È poi andata avanti la copertura dei parchi delle materie prime per bloccare alla radice il sollevamento delle polveri a causa del vento. Un’opera per complessivi 300 milioni, avviata dai commissari straordinari e proseguita da ArcelorMittal. La chiusura definitiva del primo parco, quello minerali, avverrà a dicembre, a maggio prossimo quella del fossile. L'azienda ha anche dichiarato che da ottobre 2018 a settembre 2019, l'indice di frequenza degli incidenti è sceso da 20 a 12,2 mentre quello di gravità da 0,7 a 0,4. Inoltre, è stato da poco presentato il Centro ricerche e sviluppo, previsto dall’accordo al Mise, che permetterà di studiare innovazioni e tecnologie per ridurre le emissioni.
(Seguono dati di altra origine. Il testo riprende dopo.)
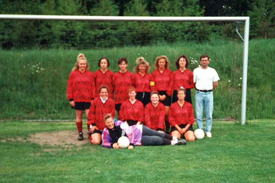 Das Frauenteam des 1. FC Lichtenfels in der Saison 1993/94. Stehend von links nach rechts: M. Waidhas, P. Zeulner, M. Kaufmann, H. Zitzelsberger, D. Hohl, C. Lotz, Betreuer A. Scherbel. Kniend von links nach rechts: A. Thierauf, R. Hüls, A. Huck, S. Göhring. Liegend: A. Wirsching.
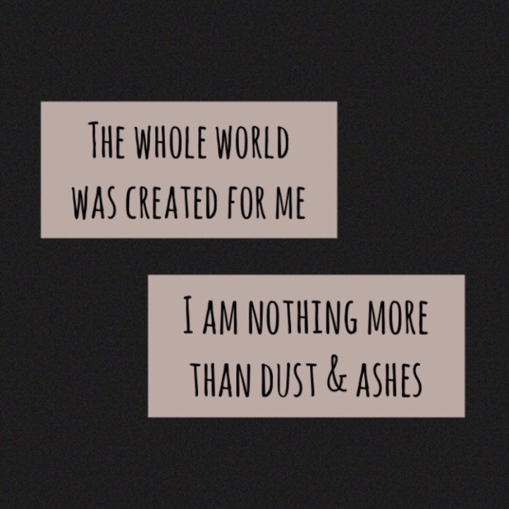 We can stand here, in the middle of two pockets, resting in the center, always remembering that both exist. In all situations there is a bit of both. The whole of the universe is mine-all-mine, and I am nothing more than dust and ash.
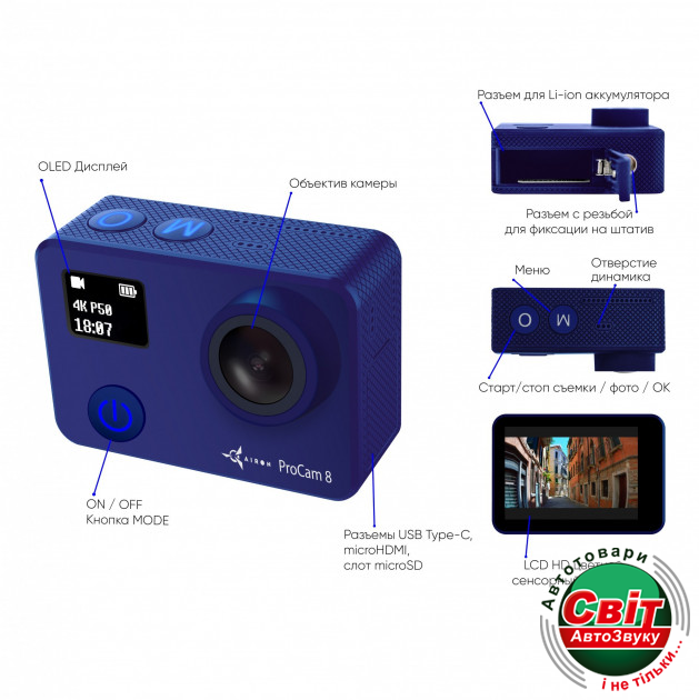 - ›Екшн-камера AIRON ProCam 8 Blue (4822356754475)
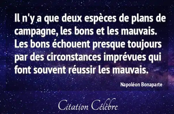 Il n'y a que deux espèces de plans de campagne, les bons et les mauvais. Les bons échouent presque toujours par des circonstances imprévues qui font souvent réussir les mauvais.

La città chiede più impegno

Tuttavia la città, dalle istituzioni ai sindacati, forse perchè attendeva altre risposte o perché teme il peggio ora, ritiene insufficienti i segnali arrivati. Oltre a interrogarsi se l'azienda resta o meno, nello scenario anche altri tre punti: in cosa si concretizzerà la gestione Morselli; la tenuta dell’indotto; il riesame dell’Autorizzazione integrata ambientale da parte del ministero dell’Ambiente. La lady di acciaio ha fama di “tagliatrice” e per questo il sindacato ha già messo le mani avanti: l’accordo al Mise, quello sui 10.700 assunti totali di cui 8.200 a Taranto, non si tocca.

Nodo fornitori e Aia

Per il sindacato, la fabbrica ha già subìto una ristrutturazione (ma Morselli ha detto ai sindacati che bisogna “ridisegnarla”) con una quota di personale che un anno fa non è transitata con ArcelorMittal ma è rimasta in cassa straordinaria con Ilva in amministrazione straordinaria: 2.600 iniziali poi ridottisi a 1.700 circa con gli esodi anticipati e agevolati. Inoltre, osserva il sindacato, su 8.200 assunti, poco più di 1.200 sono già in cassa per gestire appunto la crisi di mercato. Mentre resta buio il futuro dei tubifici, inattivi, e del grande altoforno 5, spento da marzo 2015 e non ancora rifatto. Per l’indotto, l’azienda ha già rimesso a gara i contratti di appalto scaduti per una serie di servizi. Secondo ArcelorMittal, il processo ha coinvolto ad oggi più di 1.500 persone. Per quasi il 90% dei casi si è arrivati a una soluzione condivisa. Pesa per le imprese la riduzione di costo chiesta dal committente: il 40 per cento. Tuttavia ArcelorMittal sostiene di aver assegnato ai fornitori locali di Taranto lavori per più di 200 milioni annui. E che già a novembre scorso ha pagato i debiti ceduti, versando alle imprese altri 200 milioni.

Sul riesame Aia, infine, si sa solo che il ministro Sergio Costa ha aperto la procedura già da maggio accogliendo la richiesta del sindaco di Taranto, Rinaldo Melucci, che gli ha evidenziato criticità sanitarie. Probabilmente il riesame dovrebbe approdare a prescrizioni ambientali più severe anche perché non sono mancate, in questi mesi, le segnalazioni di inquinamento, a partire dal camino E312 - quello che attende i nuovi filtri -, per il quale ad agosto Arpa Puglia ha accertato emissioni anomale.